### Records supplied
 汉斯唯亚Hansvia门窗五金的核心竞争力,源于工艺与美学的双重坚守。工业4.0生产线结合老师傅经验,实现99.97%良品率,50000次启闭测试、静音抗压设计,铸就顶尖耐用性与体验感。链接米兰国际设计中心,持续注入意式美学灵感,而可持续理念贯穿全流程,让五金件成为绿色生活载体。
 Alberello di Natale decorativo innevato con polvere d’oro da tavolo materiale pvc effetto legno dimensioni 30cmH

...

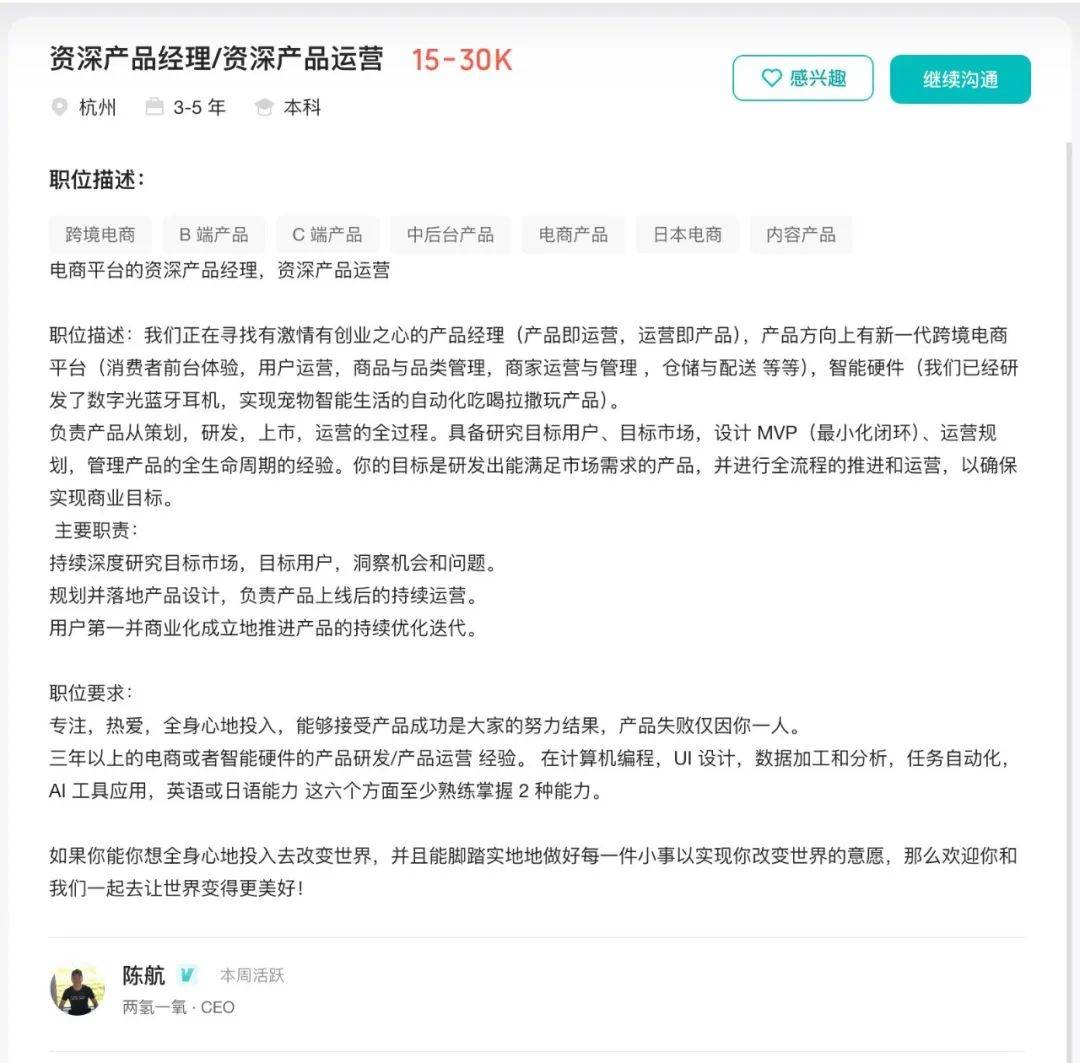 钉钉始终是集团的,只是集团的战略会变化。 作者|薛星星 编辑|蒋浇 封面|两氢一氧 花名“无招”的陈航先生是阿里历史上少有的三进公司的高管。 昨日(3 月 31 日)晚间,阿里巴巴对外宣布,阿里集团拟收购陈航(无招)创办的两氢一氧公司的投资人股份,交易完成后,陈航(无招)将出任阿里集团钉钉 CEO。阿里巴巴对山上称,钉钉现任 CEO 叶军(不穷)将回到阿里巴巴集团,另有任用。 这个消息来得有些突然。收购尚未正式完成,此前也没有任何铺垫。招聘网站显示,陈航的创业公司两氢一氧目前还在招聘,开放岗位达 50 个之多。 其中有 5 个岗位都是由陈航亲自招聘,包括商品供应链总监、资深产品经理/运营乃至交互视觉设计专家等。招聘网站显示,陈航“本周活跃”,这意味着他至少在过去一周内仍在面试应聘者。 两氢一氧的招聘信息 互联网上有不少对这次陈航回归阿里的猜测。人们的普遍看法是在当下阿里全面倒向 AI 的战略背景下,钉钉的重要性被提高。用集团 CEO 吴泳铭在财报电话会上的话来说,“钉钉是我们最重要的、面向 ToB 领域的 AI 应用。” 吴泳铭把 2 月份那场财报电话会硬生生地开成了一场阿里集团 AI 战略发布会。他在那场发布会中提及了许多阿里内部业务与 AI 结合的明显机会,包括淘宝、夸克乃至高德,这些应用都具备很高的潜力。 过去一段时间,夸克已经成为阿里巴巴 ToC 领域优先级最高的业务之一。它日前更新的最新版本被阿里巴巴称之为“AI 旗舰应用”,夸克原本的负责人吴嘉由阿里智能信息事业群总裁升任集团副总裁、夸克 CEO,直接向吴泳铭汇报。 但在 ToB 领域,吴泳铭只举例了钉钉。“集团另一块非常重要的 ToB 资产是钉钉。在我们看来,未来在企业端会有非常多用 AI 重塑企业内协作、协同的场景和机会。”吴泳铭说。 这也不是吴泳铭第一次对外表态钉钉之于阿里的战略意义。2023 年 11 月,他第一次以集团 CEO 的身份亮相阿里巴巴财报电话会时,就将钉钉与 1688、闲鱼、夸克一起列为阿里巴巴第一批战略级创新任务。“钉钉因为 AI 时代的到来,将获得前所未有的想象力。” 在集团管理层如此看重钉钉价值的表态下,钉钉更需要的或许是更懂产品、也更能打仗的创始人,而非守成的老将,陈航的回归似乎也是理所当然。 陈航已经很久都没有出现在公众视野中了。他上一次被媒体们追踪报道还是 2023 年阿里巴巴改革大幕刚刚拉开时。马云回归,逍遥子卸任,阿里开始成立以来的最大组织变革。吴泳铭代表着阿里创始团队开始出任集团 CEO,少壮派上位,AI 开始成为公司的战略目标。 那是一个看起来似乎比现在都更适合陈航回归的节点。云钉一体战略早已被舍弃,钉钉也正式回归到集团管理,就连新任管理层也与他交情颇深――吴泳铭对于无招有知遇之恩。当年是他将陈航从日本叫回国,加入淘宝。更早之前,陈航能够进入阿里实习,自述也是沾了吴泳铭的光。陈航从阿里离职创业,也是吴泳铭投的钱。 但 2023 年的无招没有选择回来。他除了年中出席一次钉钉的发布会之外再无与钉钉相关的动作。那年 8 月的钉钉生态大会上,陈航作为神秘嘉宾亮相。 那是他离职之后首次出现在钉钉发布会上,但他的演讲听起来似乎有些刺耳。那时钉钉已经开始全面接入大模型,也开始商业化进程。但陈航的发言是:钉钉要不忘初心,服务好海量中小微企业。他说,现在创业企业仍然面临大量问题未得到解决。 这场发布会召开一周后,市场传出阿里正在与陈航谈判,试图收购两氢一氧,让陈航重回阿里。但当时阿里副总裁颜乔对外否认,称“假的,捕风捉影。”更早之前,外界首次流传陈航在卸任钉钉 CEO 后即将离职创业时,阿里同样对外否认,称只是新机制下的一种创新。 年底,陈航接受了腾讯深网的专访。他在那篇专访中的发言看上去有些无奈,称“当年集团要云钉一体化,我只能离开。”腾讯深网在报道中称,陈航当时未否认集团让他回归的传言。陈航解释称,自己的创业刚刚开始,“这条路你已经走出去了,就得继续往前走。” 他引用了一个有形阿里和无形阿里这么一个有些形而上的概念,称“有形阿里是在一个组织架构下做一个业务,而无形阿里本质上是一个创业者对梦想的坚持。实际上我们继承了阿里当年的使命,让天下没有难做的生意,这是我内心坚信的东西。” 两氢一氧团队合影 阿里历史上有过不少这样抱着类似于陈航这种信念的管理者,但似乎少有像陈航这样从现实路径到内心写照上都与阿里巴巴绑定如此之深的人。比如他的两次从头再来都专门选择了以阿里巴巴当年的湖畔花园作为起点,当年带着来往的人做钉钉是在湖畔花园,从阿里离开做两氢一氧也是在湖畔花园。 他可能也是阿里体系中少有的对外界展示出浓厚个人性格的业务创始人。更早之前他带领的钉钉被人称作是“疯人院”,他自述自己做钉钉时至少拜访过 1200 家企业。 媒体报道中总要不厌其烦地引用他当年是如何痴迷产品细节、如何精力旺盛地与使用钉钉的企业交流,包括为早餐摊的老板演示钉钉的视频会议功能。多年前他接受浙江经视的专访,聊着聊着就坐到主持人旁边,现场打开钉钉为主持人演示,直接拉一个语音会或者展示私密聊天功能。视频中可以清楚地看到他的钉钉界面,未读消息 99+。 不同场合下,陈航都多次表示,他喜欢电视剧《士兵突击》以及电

### Your goal
Please output exactly the lines between the one holding "汉斯唯亚Hansvia门窗五" and the one holding "Alberello di Natale" in the records above, inclusive, and nothing more.

### Response to the exercise
 汉斯唯亚Hansvia门窗五金的核心竞争力,源于工艺与美学的双重坚守。工业4.0生产线结合老师傅经验,实现99.97%良品率,50000次启闭测试、静音抗压设计,铸就顶尖耐用性与体验感。链接米兰国际设计中心,持续注入意式美学灵感,而可持续理念贯穿全流程,让五金件成为绿色生活载体。
 Alberello di Natale decorativo innevato con polvere d’oro da tavolo materiale pvc effetto legno dimensioni 30cmH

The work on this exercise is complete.